Task:
Exactly the lines below starting at the line with "The River Stone" and ending at the line with "국경 2025 유럽과" are wanted, with both ends included. Leave out the pictures and add no other lines.

Data for this exercise:
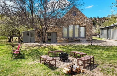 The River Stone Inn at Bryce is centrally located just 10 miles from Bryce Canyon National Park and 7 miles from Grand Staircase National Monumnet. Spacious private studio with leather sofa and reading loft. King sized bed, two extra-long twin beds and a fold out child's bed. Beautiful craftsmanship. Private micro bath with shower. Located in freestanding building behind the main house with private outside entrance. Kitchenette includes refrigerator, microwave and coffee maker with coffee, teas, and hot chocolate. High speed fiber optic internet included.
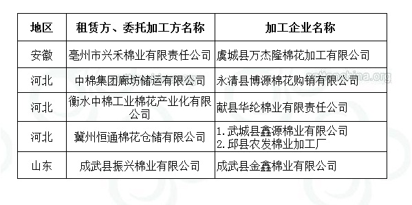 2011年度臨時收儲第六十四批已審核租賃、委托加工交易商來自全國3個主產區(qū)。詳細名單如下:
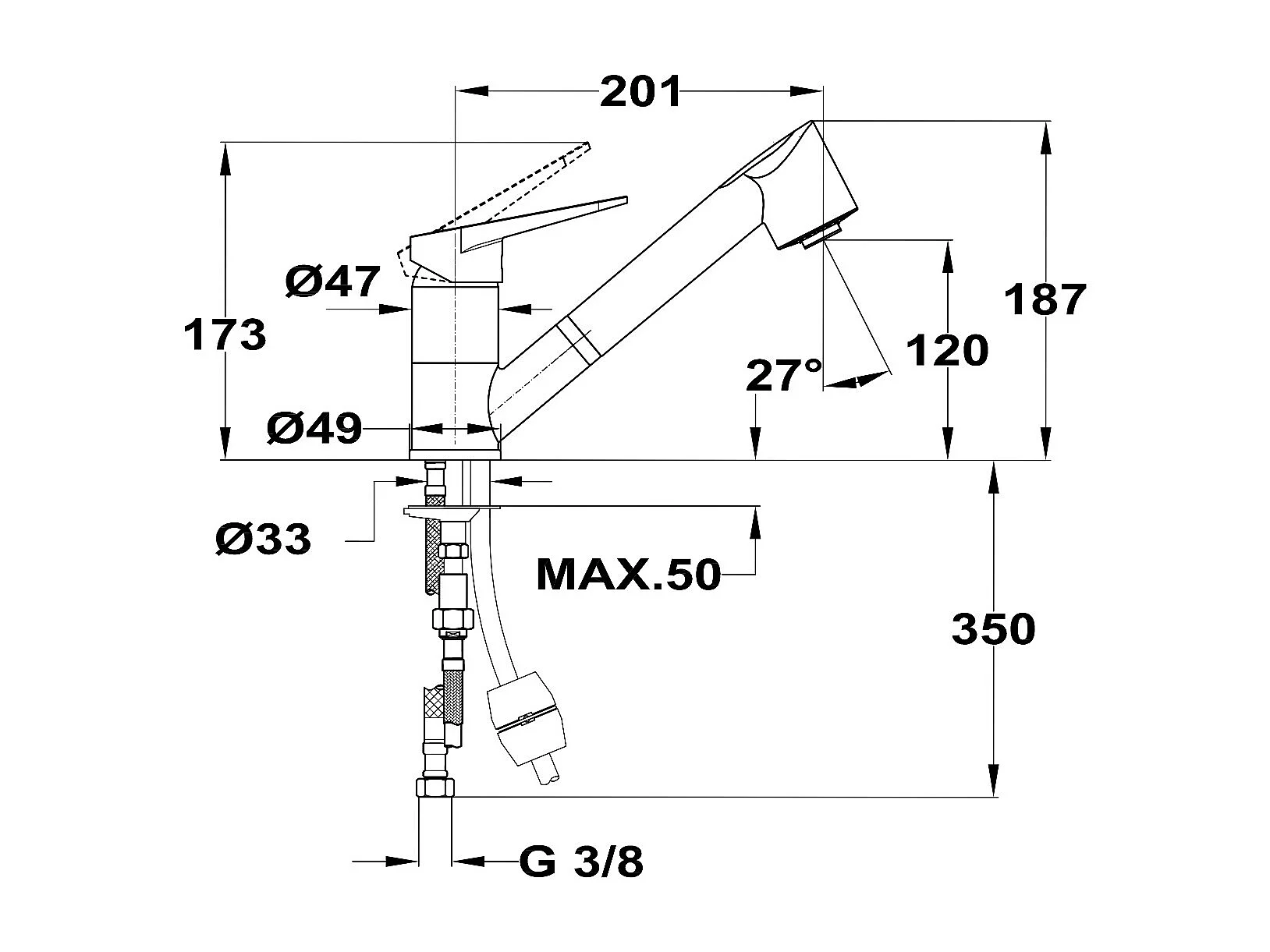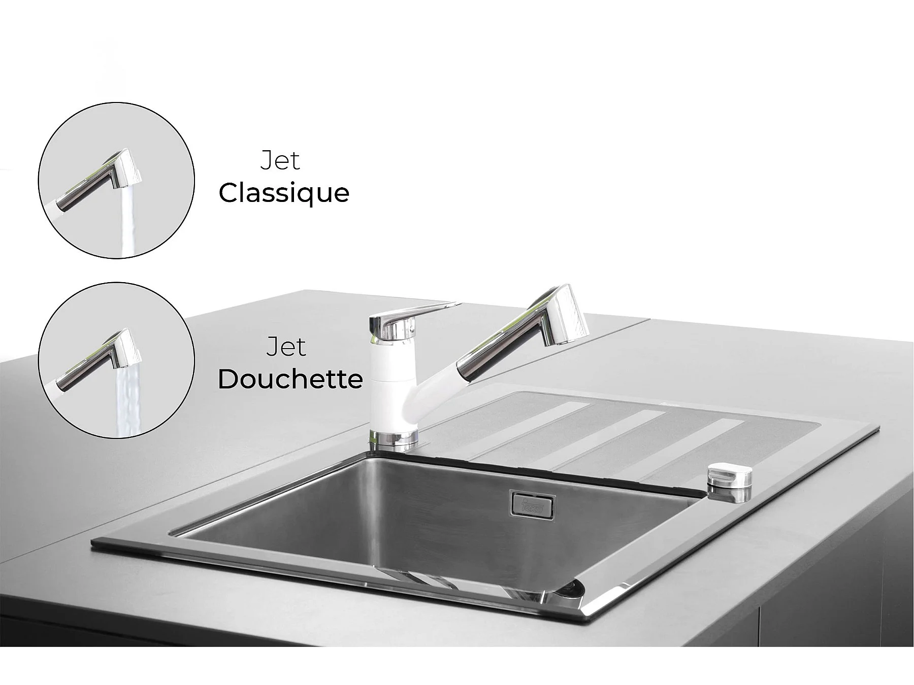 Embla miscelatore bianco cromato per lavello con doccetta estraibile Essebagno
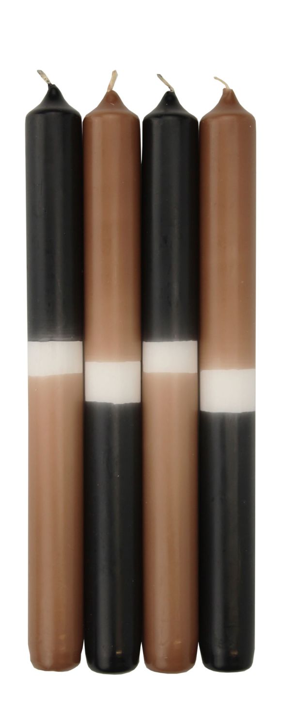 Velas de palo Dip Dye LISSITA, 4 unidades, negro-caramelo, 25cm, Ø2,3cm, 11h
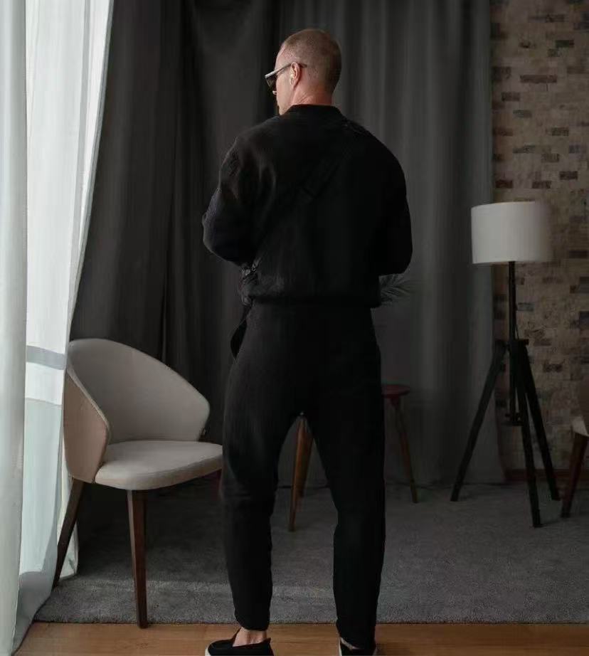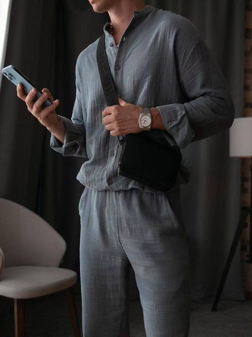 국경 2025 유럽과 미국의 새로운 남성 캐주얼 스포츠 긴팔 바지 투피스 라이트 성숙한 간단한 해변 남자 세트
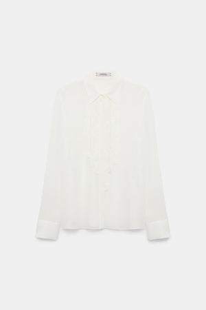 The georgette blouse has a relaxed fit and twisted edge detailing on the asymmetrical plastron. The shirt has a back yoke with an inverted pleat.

* * *

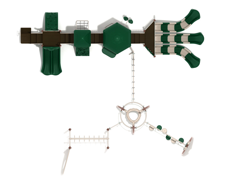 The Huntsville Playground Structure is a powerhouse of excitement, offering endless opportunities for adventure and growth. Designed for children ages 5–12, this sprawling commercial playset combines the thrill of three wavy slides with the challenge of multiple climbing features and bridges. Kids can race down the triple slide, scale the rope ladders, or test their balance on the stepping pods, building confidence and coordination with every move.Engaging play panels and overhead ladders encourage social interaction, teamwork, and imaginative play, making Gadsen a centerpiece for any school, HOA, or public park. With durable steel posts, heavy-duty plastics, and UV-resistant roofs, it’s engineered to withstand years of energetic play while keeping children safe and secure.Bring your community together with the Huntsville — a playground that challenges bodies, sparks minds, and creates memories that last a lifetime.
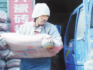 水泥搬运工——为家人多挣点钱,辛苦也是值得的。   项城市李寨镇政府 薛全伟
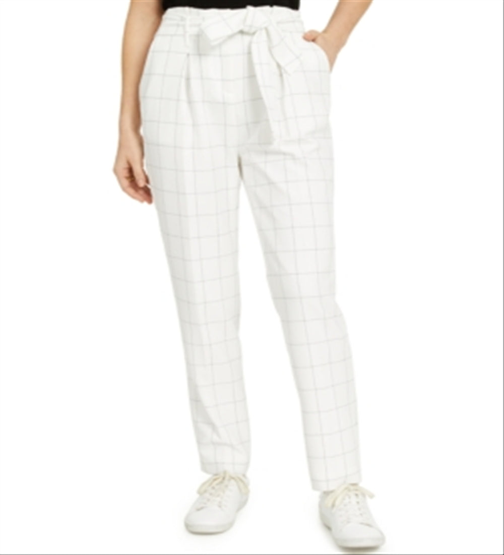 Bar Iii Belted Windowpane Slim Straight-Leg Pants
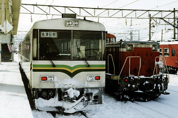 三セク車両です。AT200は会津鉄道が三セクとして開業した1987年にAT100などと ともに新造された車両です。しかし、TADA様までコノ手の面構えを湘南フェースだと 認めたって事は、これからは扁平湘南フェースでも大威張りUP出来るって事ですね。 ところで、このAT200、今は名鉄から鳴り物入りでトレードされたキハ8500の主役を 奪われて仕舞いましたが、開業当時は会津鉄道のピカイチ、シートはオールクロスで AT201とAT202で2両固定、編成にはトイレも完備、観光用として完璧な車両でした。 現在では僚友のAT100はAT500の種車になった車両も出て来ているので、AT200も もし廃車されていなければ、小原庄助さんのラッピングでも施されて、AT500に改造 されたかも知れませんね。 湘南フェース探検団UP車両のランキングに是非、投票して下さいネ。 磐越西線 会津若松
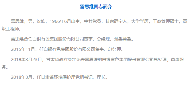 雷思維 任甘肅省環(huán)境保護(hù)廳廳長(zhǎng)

==

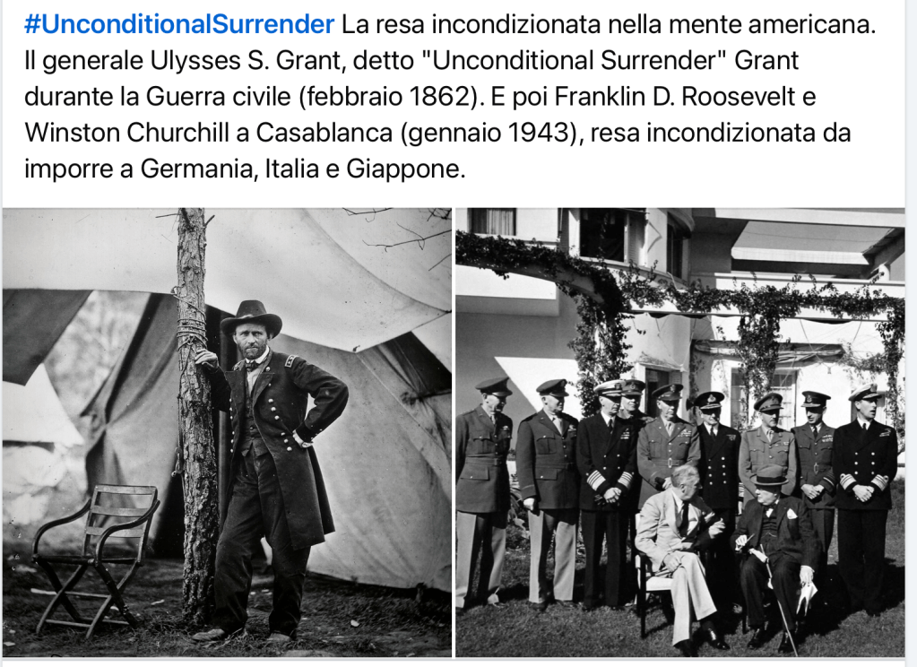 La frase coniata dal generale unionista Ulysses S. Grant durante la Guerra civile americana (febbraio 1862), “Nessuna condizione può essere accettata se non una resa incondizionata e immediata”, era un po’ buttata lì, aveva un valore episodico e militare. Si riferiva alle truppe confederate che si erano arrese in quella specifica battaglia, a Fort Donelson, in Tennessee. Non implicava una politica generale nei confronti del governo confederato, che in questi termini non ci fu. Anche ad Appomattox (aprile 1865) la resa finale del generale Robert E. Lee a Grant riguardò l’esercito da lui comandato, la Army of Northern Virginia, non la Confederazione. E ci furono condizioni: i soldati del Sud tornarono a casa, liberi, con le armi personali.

Your solution:
 The River Stone Inn at Bryce is centrally located just 10 miles from Bryce Canyon National Park and 7 miles from Grand Staircase National Monumnet. Spacious private studio with leather sofa and reading loft. King sized bed, two extra-long twin beds and a fold out child's bed. Beautiful craftsmanship. Private micro bath with shower. Located in freestanding building behind the main house with private outside entrance. Kitchenette includes refrigerator, microwave and coffee maker with coffee, teas, and hot chocolate. High speed fiber optic internet included.
 2011年度臨時收儲第六十四批已審核租賃、委托加工交易商來自全國3個主產區(qū)。詳細名單如下:
 Embla miscelatore bianco cromato per lavello con doccetta estraibile Essebagno
 Velas de palo Dip Dye LISSITA, 4 unidades, negro-caramelo, 25cm, Ø2,3cm, 11h
 국경 2025 유럽과 미국의 새로운 남성 캐주얼 스포츠 긴팔 바지 투피스 라이트 성숙한 간단한 해변 남자 세트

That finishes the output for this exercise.